Most agencies require or strongly prefer the ITE Traffic Signal Technician (TST) certification or the IMSA Traffic Signal Level I/II credential. A Work Zone Traffic Control certification aligned with FHWA guidelines is standard for roles that review TCPs. Some state DOTs require completion of their own signal training programs before an employee can modify timing plans independently.
Is a civil engineering degree required to get this job?
Not in most cases. Many Coordinators hold associate or bachelor's degrees in transportation technology, civil engineering technology, or urban planning. Field experience with signal operations or a military traffic management background can substitute for formal education at many agencies. A PE license is not required at the coordinator level, though it helps with advancement into senior traffic engineer roles.

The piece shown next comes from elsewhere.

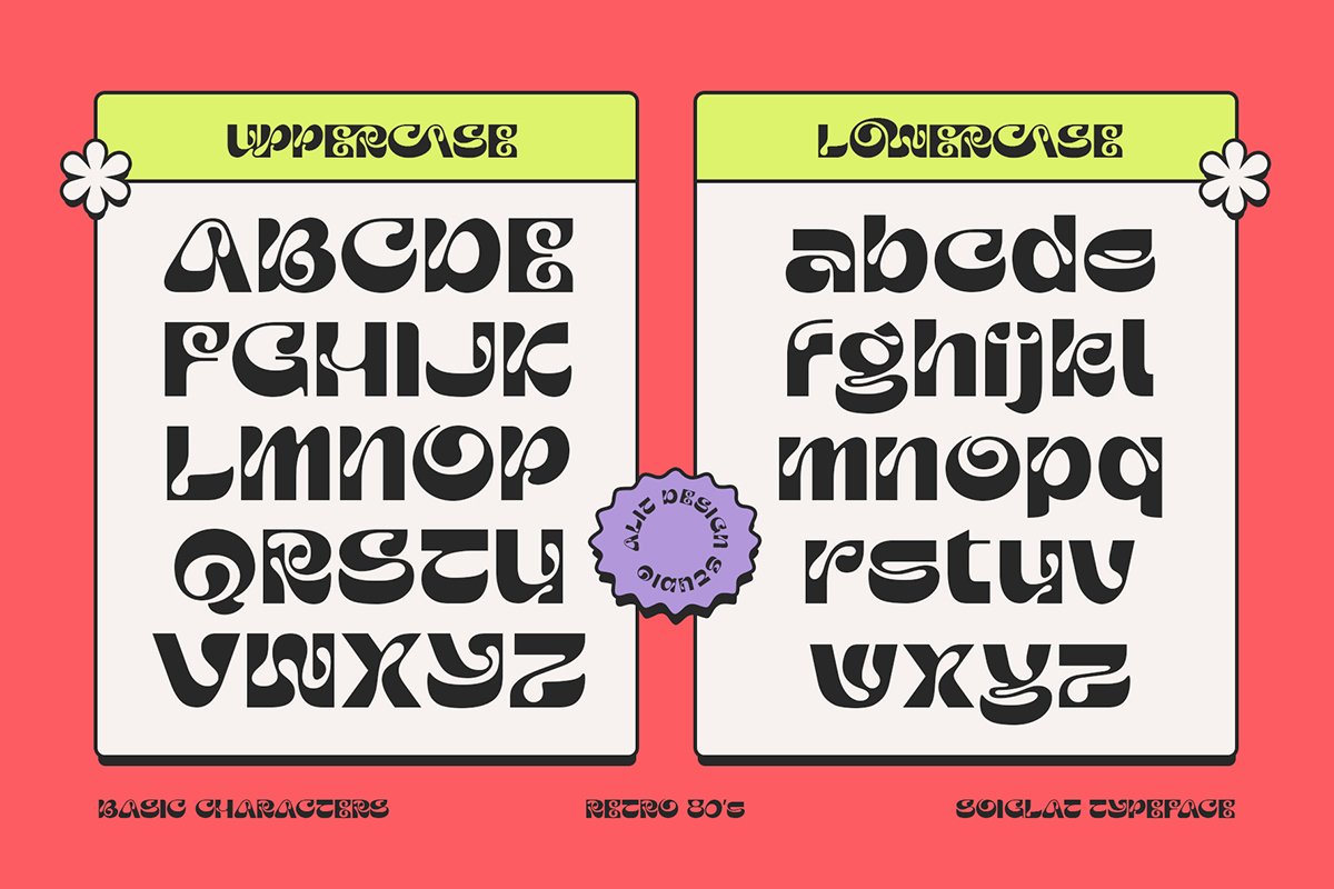 Soiglat Display Font is here! Step into a time machine tailored for the modern designer. Soiglat is a funky, liquid-style display font that perfectly captures the playful spirit of the Retro 80s and 90s, blended with a fresh, psychedelic twist.

What does a typical shift look like at a traffic management center?
Shifts typically run 10 or 12 hours, with overlap for handover briefings. A normal day includes reviewing overnight equipment alarms, updating signal timing for a school or sports event, fielding calls from police about a stalled semi on the freeway, adjusting DMS messages, and logging everything in the shift report. Major incidents — a wrong-way driver, a multi-vehicle crash on an arterial — can redirect the entire shift.
How is AI and connected-vehicle technology changing this role?
Adaptive signal control systems like InSync and SynchroGreen now automate many real-time timing adjustments that coordinators once made manually, and connected-vehicle data feeds are replacing or supplementing loop detectors at an increasing number of intersections. Coordinators are shifting toward supervising and auditing automated decisions, diagnosing system anomalies, and managing the exception cases that algorithms handle poorly — such as non-recurring incidents and special events.
What is the difference between a Traffic Management Coordinator and a Traffic Engineer?
Traffic Engineers design and analyze transportation systems — they run traffic impact studies, design intersection geometry, and sign off on capital projects. Traffic Management Coordinators operate the systems that engineers design, handling day-to-day monitoring, incident response, and signal timing adjustments. The roles collaborate closely, but engineers typically hold PE licenses and sit in planning or design divisions while coordinators work in operations centers with shift responsibilities.